UGANDA – Give Directly, a non-profit humanitarian agency together with government has earmarked Shs 23b to support both private primary and secondary school teachers in the country.

The money according to the Minister of Gender Labour and Social Development, Betty Amongi will be channeled under government’s Parish Development Model (PDM) program.

The PDM is a new strategy government intends to use for organizing and delivering public and private sector interventions for wealth creation and employment at the parish level as the lowest economic planning unit.

Its objective is to take the government to the people in a more effective way through data gathering, community mobilization and mindset change.

Other areas of focus are area-based enterprise selection and development, provision of financial services, coordination of government programs, and feedback by the people on government services and wealth programs.
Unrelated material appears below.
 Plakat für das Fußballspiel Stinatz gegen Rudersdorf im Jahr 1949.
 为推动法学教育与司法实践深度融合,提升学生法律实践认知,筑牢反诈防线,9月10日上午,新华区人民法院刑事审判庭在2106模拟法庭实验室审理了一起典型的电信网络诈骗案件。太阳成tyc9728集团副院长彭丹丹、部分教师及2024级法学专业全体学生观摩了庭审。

Each parish is scheduled to receive Shs100m to implement the initiative targeting the rural population.

The minister revealed this development during an engagement meeting with the district LC5 Chairpersons, Chief Administrative Officers, Resident District Commissioners, Youth Chairpersons, disability and older persons.
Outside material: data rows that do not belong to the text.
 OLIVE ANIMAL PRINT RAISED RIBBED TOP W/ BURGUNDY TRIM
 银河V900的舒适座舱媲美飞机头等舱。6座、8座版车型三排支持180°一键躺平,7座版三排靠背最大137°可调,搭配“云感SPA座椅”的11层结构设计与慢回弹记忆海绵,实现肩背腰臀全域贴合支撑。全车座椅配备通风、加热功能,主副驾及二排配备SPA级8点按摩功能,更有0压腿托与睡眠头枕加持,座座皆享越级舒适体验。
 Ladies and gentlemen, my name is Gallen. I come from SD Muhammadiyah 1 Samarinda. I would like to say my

Under her docket, the government is implementing programs targeting youth, older persons, women and disabled persons to economically uplift their social well-being.

The engagement was to brief them on the status of the programs under her ministry and receive proposals on how to ensure the districts benefit.

The districts include; Kwania, Lira, Alebtong, Otuke, Oyam, Dokolo, Amolatar, Kole and Apac.

Amongi, who is also Oyam South legislator advised youth in the sub-region to keep on following up all government projects for a better impact.

“Under the ministry of gender labour and social development, we are committed to ensuring that these projects cause positive impacts by directly supporting both primary and secondary school teachers,” she revealed.

Without explaining the detail, Amongi said each teacher from a private school not government aided will receive Shs100,000.

“I am happy that 17 districts have already uploaded names of their teachers,” Amongi said, adding that they target 300,000 teachers.

The Alebtong LC5 boss David Kenedy Odongo, welcomed the development saying private school teachers suffered more the consequence of COVID-19 lockdown.